How a technology believed to be obsolete is being used again.

WHEN taking measurements and analysing vibration directly on site, we can find ourselves in situations where time does not permit us to try different types of measurements with different parameters. The reason is that the machine's running time is too short to take measurements repeatedly.

Run-up and coast down are typical examples of this situation. The risk of setting the measurement parameters inappropriately or making a mistake in the set-up phase can be quite high, especially with the added pressure of knowing that the measurement cannot be repeated.

My personal experience was when we were asked to measure explosion vibrations in a quarry. Preparation had taken all day due to the sheer volume of explosives involved. In addition, the measurements had to be taken synchronously from many sensors placed in different locations at different distances from the point of detonation.

The required measurement report had to include a time waveform from each sensor and a graph showing the energy decay curve as a function of distance from the detonation centre. We had set up the amplitude trigger so that the wave from the detonation arriving at the first sensor would start the measurement.

Of course, we had used a pre-trigger (250ms) so that we could see the noise just before the detonation. We were all nervous as we counted down to the detonation; we held our breath and the explosives were detonated.

Troubles Ahead

As soon as we saw the signal, we knew something had gone wrong. There was not the expected low noise at the beginning of the sudden increase in blast energy. There were high blast amplitudes from the beginning of the measurement (including the first sample) and they were decreasing over time.

Something had gone wrong. With trembling hands we opened the analyser's setup menu and immediately realised what had happened. Instead of a 250ms pre-trigger, we had set a 250ms post-trigger!

We had lost the entire beginning of the detonation signal and the measurement had started 250ms after the wave had reached the sensor. This meant that we could not do the analysis that our customer wanted.

Believe me - it was very difficult to explain to the customer why we could not do the analysis. When we jokingly suggested that we try the detonation again, the customer did not find the idea funny at all. This was an example of a perfect situation where the whole event should have been recorded and analysed afterwards.

In this case, the recording would have been started manually and allowed to run for perhaps a few minutes before the detonation of the explosives and then stopped manually. This would have eliminated the need for the pre-amplitude trigger that led to the disastrous experience described above.

Another situation where it is better to record the raw signal is when measuring a machine that is constantly changing its state. This can be caused by changes in power or other similar conditions. An elevator motor is another example; first there is a short run-up, then the elevator runs continuously for a while, then it stops.

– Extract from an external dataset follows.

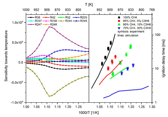 In Figure 3, amongst others, the IDT of a methane–air mixture without propane addition and a propane admixture of 5, 10, and 30 mol% is shown. It can be observed that the deviation between measured and calculated IDTs increases with increasing propane concentration, suggesting that the IDT-reducing effect of the propane addition is overestimated by the mechanism. In order to determine which reactions have a significant effect on IDT in a methane–propane–air mixture, a sensitivity analysis towards temperature was performed with MechA. For the analysis, mix 4 in Table 1 with a propane content of 30 mol% was used. The left side of Figure 10 shows the temperature-dependent progressions of the 10 most sensitive reactions. For the sake of completeness, the measured IDTs and the values calculated with MechA for methane–propane mixtures with 0, 5, 10, and 30 mol% propane content (mix 1 to 4 in Table 1) are shown on the right-hand side of Figure 10.

The whole cycle may take only a few seconds. It is better to record the whole cycle and then select the required part and analyse it. The recording may also be required when collecting the route. All the necessary vibration measurements (e.g. total values, spectrum and time waveform) can be processed later on the computer from the record.

The history of the tape recorder

When I started working in vibration analysis a long time ago, in the 1980s, tape recorders were used to record signals. In those days they were huge and heavy, so you needed a strong man to carry them around. A separate "analyser" was needed to analyse the recording. This was even bigger and heavier than the tape recorder!

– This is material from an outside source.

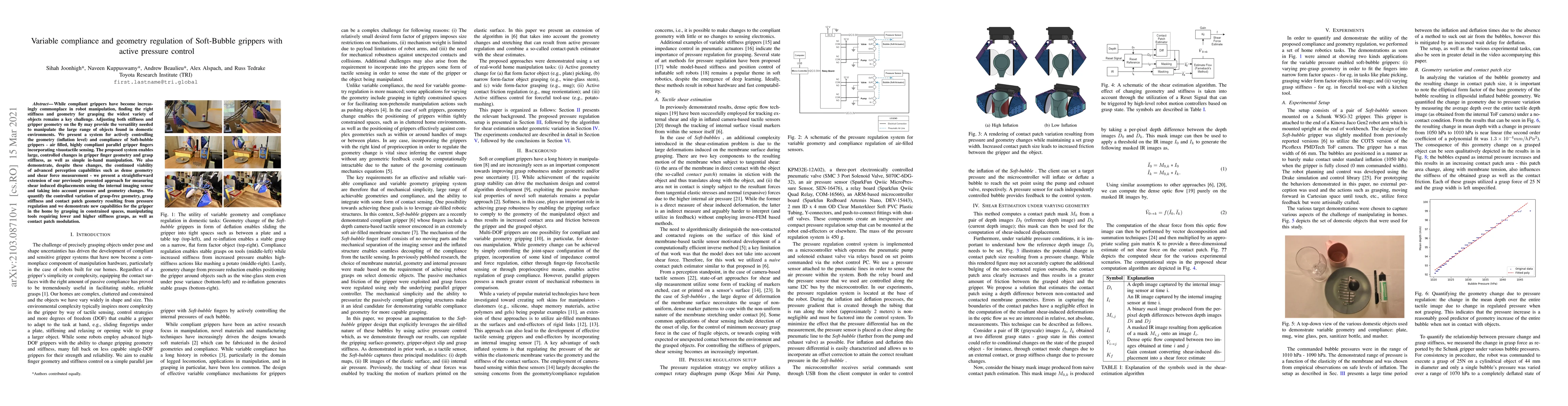 While compliant grippers have become increasingly commonplace in robot manipulation, finding the right stiffness and geometry for grasping the widest variety of objects remains a key challenge. Adjusting both stiffness and gripper geometry on the fly may provide the versatility needed to manipulate the large range of objects found in domestic environments. We present a system for actively controlling the geometry (inflation level) and compliance of Soft-bubble grippers - air filled, highly compliant parallel gripper fingers incorporating visuotactile sensing. The proposed system enables large, controlled changes in gripper finger geometry and grasp stiffness, as well as simple in-hand manipulation. We also demonstrate, despite these changes, the continued viability of advanced perception capabilities such as dense geometry and shear force measurement - we present a straightforward extension of our previously presented approach for measuring shear induced displacements using the internal imaging sensor and taking into account pressure and geometry changes. We quantify the controlled variation of grasp-free geometry, grasp stiffness and contact patch geometry resulting from pressure regulation and we demonstrate new capabilities for the gripper in the home by grasping in constrained spaces, manipulating tools requiring lower and higher stiffness grasps, as well as contact patch modulation.

In the 1980s, the first "portable analysers" appeared on the market and revolutionised the field of vibration analysis, especially for route measurements. Tape recorders were quickly abandoned as all readings could now be stored in the memory of the portable device. The readings were stored, but not the raw record.

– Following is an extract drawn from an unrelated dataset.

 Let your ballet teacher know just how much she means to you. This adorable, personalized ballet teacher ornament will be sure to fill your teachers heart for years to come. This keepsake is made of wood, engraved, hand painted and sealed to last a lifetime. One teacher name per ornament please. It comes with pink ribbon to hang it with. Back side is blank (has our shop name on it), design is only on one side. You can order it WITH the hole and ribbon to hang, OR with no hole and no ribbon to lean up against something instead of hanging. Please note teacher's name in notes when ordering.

The processors were too slow to record the raw vibration signal, and the memory was too small to store such a large amount of data. For those who are much younger than me, the hard drive in my PC in 1990 was an impressive 10MB. Since it was impossible to store a large file, I always had to consider the trade-off between storing 400 or 800 lines of resolution in the vibration spectrum, and storing higher resolution was only done in very special circumstances.

Nowadays, when storage capacity seems to be unlimited, it is very difficult to explain to a customer that 25,600 lines in spectrum is not necessary. Their response may be that it does no harm to save the spectrum with more lines.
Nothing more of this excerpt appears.